Self-Service Application Deployment

Nomad Enterprise offers a powerful and flexible platform for self-service application deployment, catering to a wide range of workloads and deployment strategies.

As an individual deploying applications into Nomad, your primary focus should be on your application's requirements instead of the infrastructure hosting your application. If any of the topics discussed below are not met, establish a clear communication channel with the Nomad platform operators to address these gaps.

To facilitate a smooth self-service experience, Nomad operators should implement a standardized workflow. This approach eliminates guesswork regarding available resources, networking options, and storage solutions.

Along with the topics discussed under Initial Configuration and the key components are discussed in depth throughout this section, you should feel equipped to provide a powerful self-service solution for deploying your applications to Nomad.

Advanced Deployment Strategies

Nomad Enterprise offers modern deployment strategies for your long running services that allow for seamless updates, risk mitigation, and minimal downtime. These strategies support both container and non-container workloads.
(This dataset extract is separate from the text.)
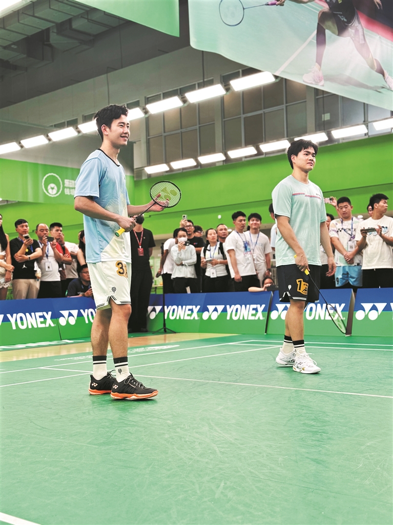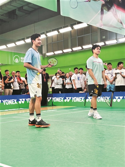 昨天,中国羽毛球队头号男双、“梁王组合”梁伟铿/王昶现身杭州,献上组对男双以来的首次T台走秀。梁伟铿还因为太紧张而提前走下T台,被观众们提醒之后笑着跑回台上,他之后还憨憨地打圆场:“走T台果然和打球不一样。”在2024年巴黎奥运会上夺得男双银牌的他们表示,将下一阶段的目标瞄准洛杉矶奥运会。对于11月在粤港澳三地举行的第十五届全运会,即将代表广东队参赛的梁伟铿表示,在男团项目要做到每分必争,在男双项目要与代表浙江队的王昶好好较量一下。

While rolling upgrades offer an excellent starting point for organizations embarking on their modernization journey, the ultimate goal for many is to implement sophisticated Blue/Green deployment models.

Nomad's flexible approach allows teams to evolve their deployment practices gradually, adapting to increasing complexity and operational maturity over time.

Rolling Upgrades

Rolling upgrades gradually replace instances of the old version with the new version and if there is an issue during deploying, auto rollback can be leveraged to minimize service disruption.

This strategy is great for the early stages of Nomad adoption as it balances efficiency and risk, making it suitable for many applications, but it can be slower for large deployments and requires careful management of multiple versions during the transition.

Rollbacks are simple to execute and crucial for minimizing downtime however, they don't prevent the initial impact of a deployment and shouldn't be relied upon for 0% disruption.

To elaborate, if a user has a sticky session with an instance and then it's replaced by a rolling upgrade, the session may not be immediately redirected to the newer instance. Instead, it will be terminated.

View Rolling updates tutorial for more information on enabling this feature in your jobs.

Recommendations

View update documentation for all available options
Set auto_revert to true to revert and rollback to the latest stable job version.
Note
Consider if this could cause issues for your stateful workloads such as databases. If so, set this to `false`.
Ensure your health checks and timeouts are set correctly for your tasks since the update block uses the checks block within a task to ensure a task is healthy before its promoted.
See service discovery section for more details on configuring the service.check block
Use stagger and max_parallel to ensure a minimal disruption
You can view the status of the rolling update by view the landing page of your job

Single Canary Deployment

Canary deployments involve releasing a new version instance to a small subset of users, without affecting the existing workloads. This is accomplished by using a load balancer or proxy that can dynamically update instances and set various endpoint weights.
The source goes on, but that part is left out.